Queridos hermanos y hermanas:

Desde el 27 de febrero, se están llevando a cabo importantes conversaciones en Nicaragua para resolver la grave crisis socio-política que enfrenta el país. Acompaño la iniciativa con la oración y aliento a las partes a encontrar una solución pacífica para el bien de todos lo antes posible.

Ayer, en Tarragona, España, fue beatificado Mariano Mullerat i Soldevila, padre de familia y médico, joven, murió a los 39 años, que se ocupó del sufrimiento físico y moral de sus hermanos, testimoniando con la vida y con el martirio la primacía de la caridad y el perdón. Un ejemplo para nosotros, porque a todos nos cuesta perdonar. Que interceda por nosotros y nos ayude a recorrer los caminos del amor y la fraternidad, a pesar de las dificultades y las tribulaciones. Un aplauso para el nuevo beato.

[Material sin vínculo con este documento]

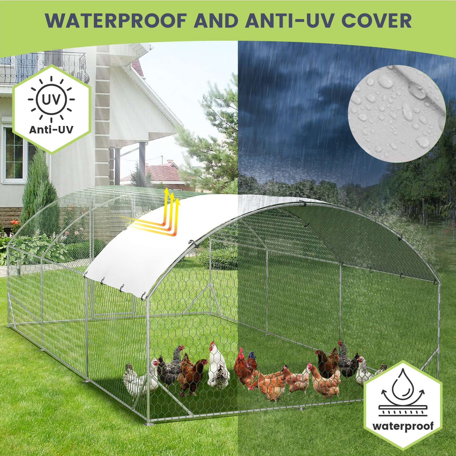 【ANTI-UV AND WATERPROOF COVER】 Our large outdoor chicken coop features an anti-UV and waterproof PE cover, providing ultimate outdoor protection for your animals. The PE tarpaulin material protects against sun and rain, while the roof's slope design ensures efficient water drainage to prevent accumulation. Your animals will appreciate the safe and comfortable outdoor living space provided by this coop.
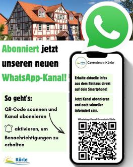 Für Nachrichten, die Sie besonders schnell erreichen müssen, gibt es jetzt den neuen WhatsApp-Kanal der Gemeinde Körle. Damit bekommen Sie wichtige Nachrichten direkt aufs Smartphone.
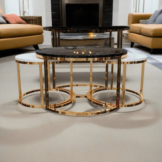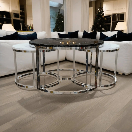 طقم ترابيزات قهوة متداخلة ستيل بسطح رخام، 3 قطع
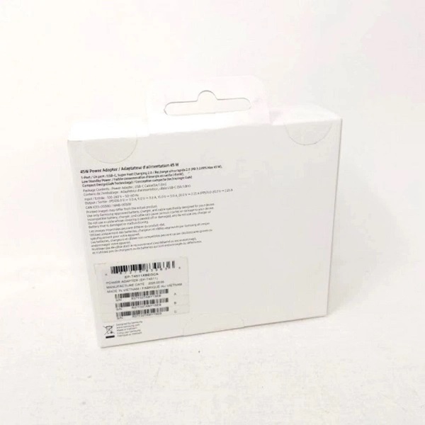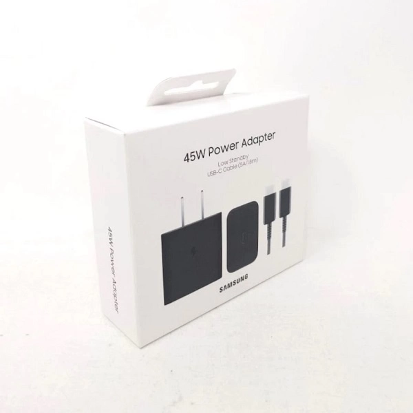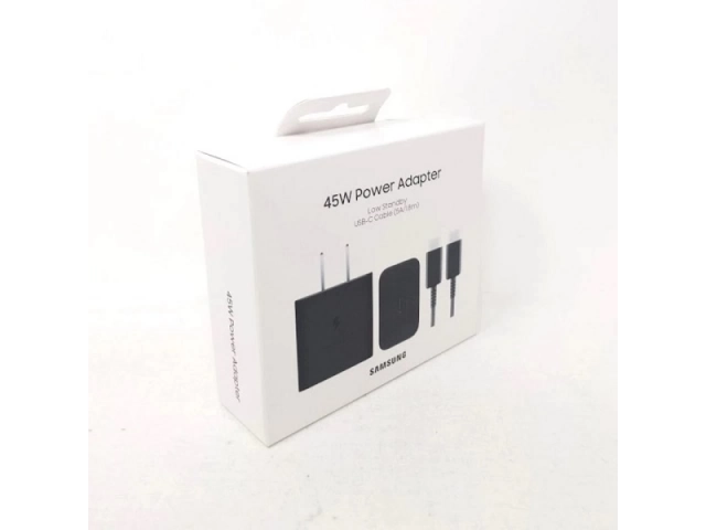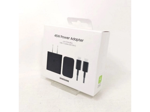 El cargador Samsung EP-T4511XBEGCA es un cargador de pared USB-C de 45W que ofrece carga superrápida, especialmente para dispositivos Samsung Galaxy. Incluye un cable USB-C a USB-C de 1.8 metros.

Hoy se celebra la Jornada en memoria de los misioneros mártires. Durante 2018, en todo el mundo, numerosos obispos, sacerdotes, monjas y fieles laicos han sufrido violencia; mientras han sido asesinados cuarenta misioneros, casi el doble en comparación con el año anterior. Recordar este calvario contemporáneo de hermanos y hermanas perseguidos o asesinados por su fe en Jesús, es un deber de gratitud para toda la Iglesia, pero también un estímulo para testimoniar con coraje nuestra fe y nuestra esperanza en Aquel que en la Cruz venció para siempre el odio y la violencia con su amor.

Recemos por las numerosas víctimas de los últimos atentados inhumanos en Nigeria y Mali. El Señor acoja a las víctimas, sane a los heridos, consuele a los familiares y convierta los corazones crueles. Oremos: «Ave María...»

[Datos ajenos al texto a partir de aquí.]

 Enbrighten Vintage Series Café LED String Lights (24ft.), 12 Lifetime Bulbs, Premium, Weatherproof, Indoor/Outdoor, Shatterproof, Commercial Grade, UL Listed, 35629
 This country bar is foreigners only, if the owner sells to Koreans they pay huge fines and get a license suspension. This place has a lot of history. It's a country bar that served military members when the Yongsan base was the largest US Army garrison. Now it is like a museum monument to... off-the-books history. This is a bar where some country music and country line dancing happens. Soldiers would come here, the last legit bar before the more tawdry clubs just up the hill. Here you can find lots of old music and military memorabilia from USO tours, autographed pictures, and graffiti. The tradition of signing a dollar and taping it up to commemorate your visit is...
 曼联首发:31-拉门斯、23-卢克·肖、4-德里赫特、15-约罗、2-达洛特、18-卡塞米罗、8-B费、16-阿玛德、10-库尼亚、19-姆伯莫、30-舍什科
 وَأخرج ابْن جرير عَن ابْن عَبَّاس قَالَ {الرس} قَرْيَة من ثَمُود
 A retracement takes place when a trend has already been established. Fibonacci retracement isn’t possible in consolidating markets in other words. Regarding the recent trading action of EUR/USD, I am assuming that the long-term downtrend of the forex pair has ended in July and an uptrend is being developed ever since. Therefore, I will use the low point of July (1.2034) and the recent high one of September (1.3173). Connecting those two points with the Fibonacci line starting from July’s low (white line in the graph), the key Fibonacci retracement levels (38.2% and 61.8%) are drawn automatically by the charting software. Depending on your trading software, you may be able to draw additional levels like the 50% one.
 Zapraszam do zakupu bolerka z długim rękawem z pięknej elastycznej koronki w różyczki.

Os saludo a todos vosotros llegados de Roma, Italia y de diferentes países, en particular a los peregrinos de Pula (Croacia), Coslada (España) y a la comunidad del Seminario Pontificio Francés. Saludo a los fieles de Dogana, Carpi, Faenza, Castellammare di Stabia; al grupo de mujeres asociadas para enfrentar juntas su patología peculiar; a los scouts de Campobasso, a los confirmados de Cervarese Santa Croce, a los muchachos de la profesión de fe de Renate, Veduggio y Rastignano, a los estudiantes de los Institutos de los Hermanos de las Escuelas Cristianas de Turín y Vercelli y a los de la escuela de Santa Dorotea de Montecchio Emilia.

Mañana, fiesta de la Anunciación del Señor, iré a Loreto, a la Casa de la Virgen. He elegido este lugar para la firma de la Exhortación Apostólica dedicada a los jóvenes. Pido vuestra oración para que el “sí” de María se convierta en el “sí” de muchos de nosotros.

Os deseo a todos un buen domingo. Y por favor no os olvidéis de rezar por mí. ¡Buen almuerzo y hasta pronto!

 


 

Boletín de la Oficina de Prensa de la Santa Sede, 24 de marzo de 2019.